We will now put to use all we have learned on language processing to find out the content of the tweets of democratic and republican members. 

_Exercise_ 5: TF-IDF of the republican and democratic tweets.
> We will create two documents, one containing the words extracted from tweets of republican members, and the other for Democratic members. We will then use TF-IDF to compare the content of these two documents and create a word-cloud. The procedure you should use is exactly the same you used in exercise 2 of week 7. The main steps are summarized below: 
> * Create two large documents, one for the democratic and one for the republican party. Tokenize the pages, and combine the tokens into one long list including all the pages of the members of the same party. 
>   * Exclude all twitter handles.
>   * Exclude punctuation.
>   * Exclude stop words (if you don't know what stop words are, go back and read NLPP1e again).
>   * Exclude numbers (since they're difficult to interpret in the word cloud).
>   * Set everything to lower case.
>   * Compute the TF-IDF for each document.
> * Now, create word-cloud for each party. Are these topics less "boring" than the wikipedia topics? Why?  Comment on the results.

# Part 3 - Sentiment analysis

Sentiment analysis is another highly useful technique which we'll use to make sense of the Twitter data.
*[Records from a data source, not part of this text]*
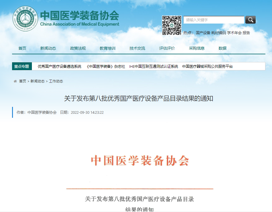優(yōu)秀國(guó)產(chǎn)醫(yī)療設(shè)備產(chǎn)品遴選工作是在國(guó)家衛(wèi)生健康委員會(huì)規(guī)劃與信息司委托下,由中國(guó)醫(yī)學(xué)裝備協(xié)會(huì)遴選,按照覆蓋面廣、用量大、具有一定市場(chǎng)占有率和競(jìng)爭(zhēng)力、用戶反應(yīng)好、對(duì)降低醫(yī)療成本有顯著作用等要求進(jìn)行評(píng)選,評(píng)選結(jié)果客觀體現(xiàn)了入選企業(yè)的真實(shí)實(shí)力,同時(shí)進(jìn)一步促進(jìn)國(guó)產(chǎn)醫(yī)療器械品牌化的發(fā)展。
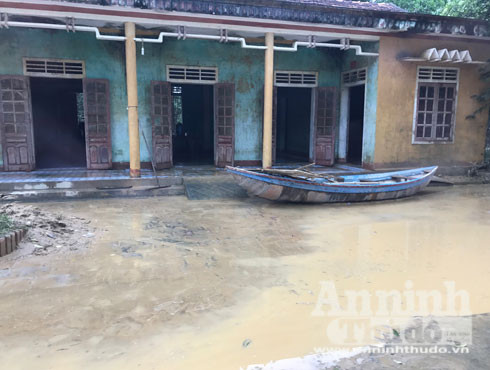 Quả đúng như những gì Thượng tá Phạm Thanh Hải nói, trụ sở UBND xã Hương Đông, dù được coi là có địa thế cao nhất nhưng những ngày qua nước cũng ngập kín tầng 1 và bây giờ thì hoang tàn như những ngôi nhà xung quanh. Bí thư Đảng ủy Nguyễn Hồng Sơn tiếp chúng tôi trong căn phòng nước đọng thành vũng dưới sàn và tanh mùi bùn.
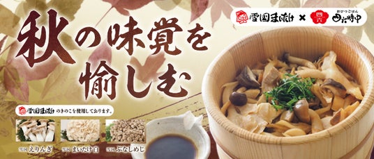 全国のイオンなどのショッピングセンターでレストラン『四六時中』を展開する株式会社イオンイーハート(所在地:千葉県千葉市、代表取締役社長:奥野善徳、以下当社)は、株式会社雪国まいたけ様(所在地:新潟県南魚沼市)と連携し、全国の『おひつごはん四六時中』にて9月18日(水)より秋季限定でコラボメニューを販売します。
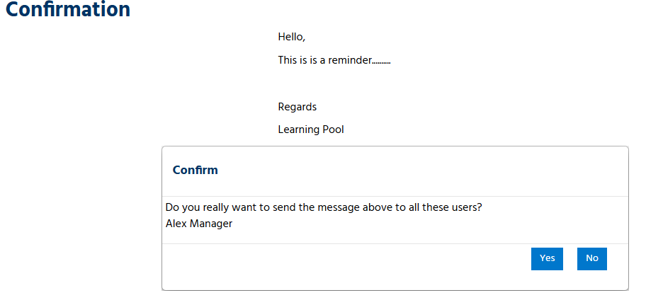 If you are ready to proceed click 'Yes' this will send your message to your selected users. Note, if you are sending a message to a large number of users the screen may take some time to refresh. Please DO NOT continuously hit Yes as this may result in sending the message multiple times.
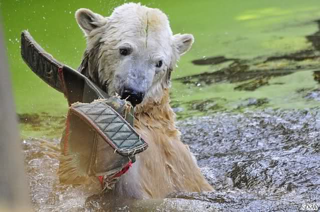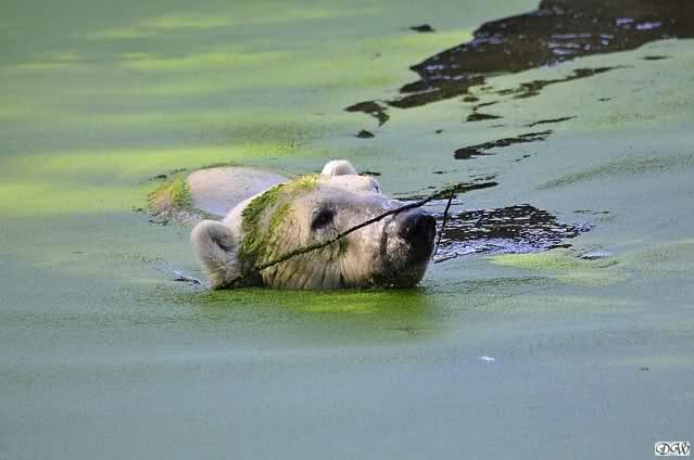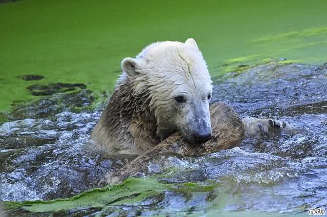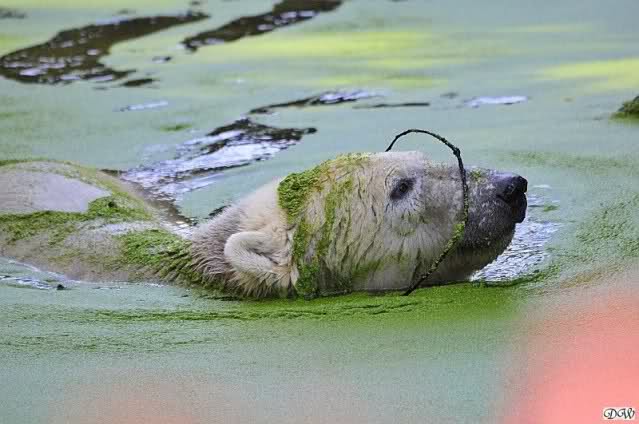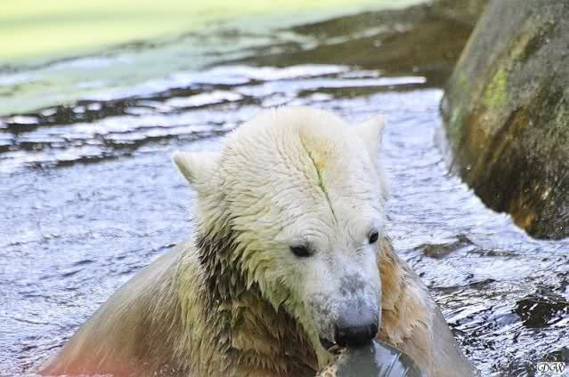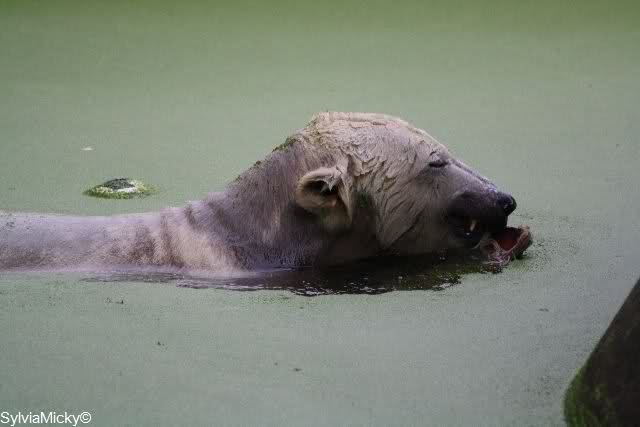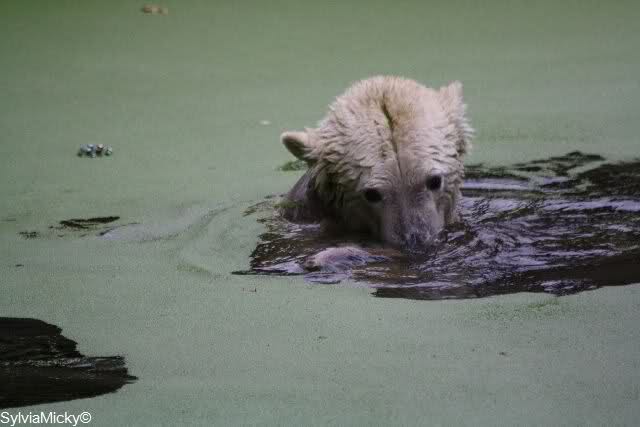 Welch erfreulicher Anblick, Knuti ist wieder im Wasser und spielt. Seine großen schönen Knopfaugen schauen auch wieder glücklich ... ach sorry - ich vergass - ein gefährlicher Eisbär schaut grimmig.

Experience shows that it might well be very useful when you get to the project stage of the class.



> **Video Lecture**: Uncle Sune talks about sentiment and his own youthful adventures.



In [1]:
from IPython.display import YouTubeVideo

YouTubeVideo("JuYcaYYlfrI",width=800, height=450)
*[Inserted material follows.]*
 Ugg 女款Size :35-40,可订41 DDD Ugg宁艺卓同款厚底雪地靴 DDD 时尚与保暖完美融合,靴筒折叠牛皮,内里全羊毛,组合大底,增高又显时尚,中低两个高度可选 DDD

> Reading: [Temporal Patterns of Happiness and Information in a Global Social Network: Hedonometrics and Twitter](http://journals.plos.org/plosone/article?id=10.1371/journal.pone.0026752) 


> _Exercise_ 6: Sentiment over the Twitter data.
> 
> * Download the LabMT wordlist. It's available as supplementary material from [Temporal Patterns of Happiness and Information in a Global Social Network: Hedonometrics and Twitter](http://journals.plos.org/plosone/article?id=10.1371/journal.pone.0026752) (Data Set S1). Describe briefly how the list was generated.
> * Based on the LabMT word list, write a function that calculates sentiment given a list of tokens (the tokens should be lower case, etc).
> * Create two lists: one including the tokenized tweets written by democratic members, and the other including the tokenized tweets written by republican members. Calculate the sentiment of each tweet and plot the distribution of tweet sentiment for each of the two lists. Are there significant differences between the two? Which party post more positive tweets?
> * Compute the average _m_ and standard deviation $\sigma$  of the tweets sentiment (considering tweets by both republican and democrats). 
> * Now consider only tweets with sentiment lower than m-2$\sigma$. We will refer to them as _negative_ tweets.  Build a list containing the _negative_ tweets written by democrats, and one for republicans. Compute the TF-IDF for these two lists (use the same pre-processing steps in Exercise 5). Create a word-cloud for each of them. Are there differences between the positive contents posted by republicans and democrats?
> * Repeat the point above, but considering _positive_ tweets instead (e.g. with sentiment larger than m+2$\sigma$). Comment on your results.